Prof Benjamin Bloom wrote a seminal work in 1984 showing that individualized instruction lifted outcomes by 2 standard deviations — outperforming 98% of regular students:
http://web.mit.edu/5.95/www/readings/bloom-two-sigma.pdf
But he remarked, it was “too costly for most societies to bear on a large scale”

But the Internet has solved this problem, conceptually! What we need(ed) was a forcing function to abandon the status quo, which Bloom showed is demonstrably worse than individualized tutoring.

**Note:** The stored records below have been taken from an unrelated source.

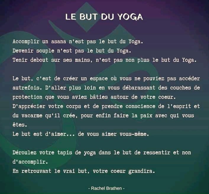 Dans mon cheminement, j'ai fait la rencontre du Yoga en la personne de Joelle PIEDRA. Suite à ses cours, l'envie de transmettre m'est venue naturellement. J'ai donc suivi la formation Yogivibe afin de pouvoir enseigner à mon tour.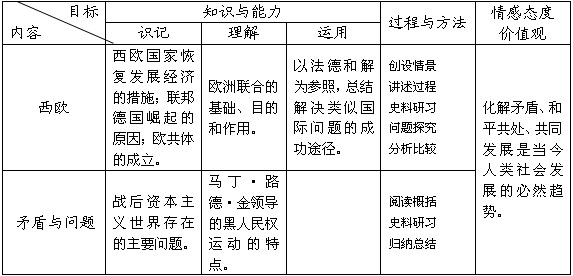 備課應(yīng)從學(xué)生實際出發(fā),制定相應(yīng)的教學(xué)目標和教學(xué)手段。本校學(xué)生起點相對較高,知識面較廣,具備一定的自學(xué)能力。因此,我把本課的教學(xué)重點置于教材的“隱性內(nèi)容”-歐洲煤鋼聯(lián)營和美國黑人民權(quán)運動上,通過對教材內(nèi)容的深入挖掘,以期完成本課所制定的教學(xué)目標。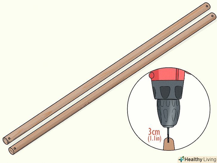 Розпиляйте шматок дерев'яного стрижня на дві однакові половини. просвердлите на кінцях стрижня 8-мм Отвори на відстані 1,1 см від кінців.

We potentially have that in Covid, which has incredibly made the status quo *worse*

Homeschooling was “weird” and “dangerous” (https://news.harvard.edu/gazette/story/2020/05/law-school-professor-says-there-may-be-a-dark-side-of-homeschooling/) but now parents get to see (Zoom-spying!) how ineffective the “status quo” is — and speaking as a parent who knows the Bloom data and the traditional/dumb homeschooling stigma, I now care only about the data

Schools have (had?!?) one big thing going for them — kids learn how to socialize, to get along with other people, to deal with adversity, unfairness — side note, but this (school!) graduation speech by Justice Roberts is the best ever: https://time.com/4845150/chief-justice-john-roberts-commencement-speech-transcript/

But Zoom school has none of this. It’s worse in every way than what was already a proven-to-be-suboptimal model for education!

I hope some forward thinking schools will try to go on remote education offense, whereas most are just going on “how do I turn this thing on?” defense.

I encourage everyone to read the Bloom paper. We now have the means (so many great tutoring platforms for a fraction of the cost of private school). We have the motive. And with Covid, we have the opportunity. Fin.

WFH Productivity: Temporary or Permanent?

Originally posted as a Twitter thread on May 21, 2020


Two ways of thinking about WFH productivity:

”It’s temporary”: there is NOTHING else to do, people stuck in homes, kids cannot be shipped off to school or daycare, therefore MORE work gets done + people always accessible…but upon opening, people will start playing hooky

“It’s permanent”: the tools for WFH are great (think Slack/Zoom), meeting length gets collapsed to the core substance (1 hr -> 30 mins etc), less travel/commute, accountability via more trackability…

For small companies, “it’s permanent” could have a seismic change on their financials given real estate costs as a % of revenues. But IMHO jury still out on productivity gains/losses given unique nature of this forcible SAH (stay at home!), not just WFH, experiment

And clarifying the first point, parents whose kids are stuck at home cannot go to the beach / play hooky because they need to watch the kids 🙂 Versus normal times when they could.